俺には「覚えてろよー!!」と言いながら吹っ飛んでいくロボットだけが見えていた。
「ただいま!!」
くっついてくるこいつをこんな風にしたのは俺だ。
その事実だけを噛み締めた。
あとルシファーも「うわああああああああああ!!」って言いながら吹っ飛んでった。
ご愁傷様。
「あ、ジーボが危ないから行っていい?」
「そっちは魔王共が行ったから大丈夫だと思うが……まあいい俺も連れてってくれるか?」
「うん!」
※※※
時間は少々遡る。
崩れゆく【地災】の姿を第一魔王他一行は捉えた。
「あちゃー、まずいね。冬堂君お願い」
「仕方ねえな。

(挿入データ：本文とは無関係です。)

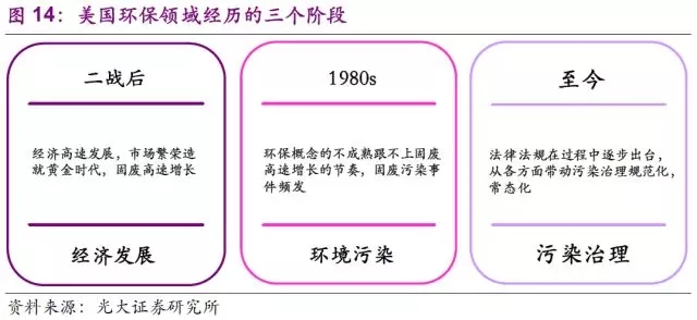 和其他發(fā)達(dá)國(guó)家一樣,美國(guó)在環(huán)保領(lǐng)域同樣經(jīng)歷了“經(jīng)濟(jì)發(fā)展—環(huán)境污染—污染治理”這一過程,而這三者之間的脈絡(luò)基本對(duì)應(yīng)固廢行業(yè)的第三,四階段。在這兩個(gè)階段之前美國(guó)出臺(tái)的一系列法規(guī),先后幫助固廢行業(yè)的完善成長(zhǎng)以及促使其朝著平穩(wěn)可持續(xù)健康的發(fā)展業(yè)態(tài)前進(jìn)。

おらあ!!」
コタロウの腕が虚空を掴む。
同時に【地災】の崩壊が止まった。
「じゃあ次は凛風ちゃん、アレここに持ってきてくれる?」
「なんでこんなことしなくちゃならないのよ、私はお兄ちゃんと「頼むぜ凛華」むう……分かったわ……」
灰色のドレスは一瞬だけ本物のドレスに変わりガラスの靴を顕現させる。
「一瞬の奇跡をここに」
靴が砕ける。
そして速やかに魔法が行使された。
すなわち、【地災】の転移である。
「龍二君、君の力を貸してくれるかい?」
「仕方ねえ……兄ちゃんからも頼まれてるしな」
蝋の翼がその背に生え、そして散る。
翼は飛ばすものだ、それを持つものを空へと誘うものだ。
その羽根はあらゆるものを重力の軛から解き放つ。
「一丁上がり」
【地災】は空中で浮遊した。
翼によって浮かされているのだ。
「3、2、1。来るよ。リタちゃん任せた」
刹那の後。
鬼の刀が第六魔王の刀によって止められた。
「少しばかり面倒よこの子の相手って」
「あ……あああ……ああああああああああああああああああ!!!!!」
荒々しい雄叫びとは裏腹に全く無駄のない剣舞が繰り広げられていく。
「ごめんね、僕もこっちが終わったら助太刀するから」
第一魔王の視線の先には満身創痍ながら爛々と瞳を光らせた騎士団長とビーの姿があった。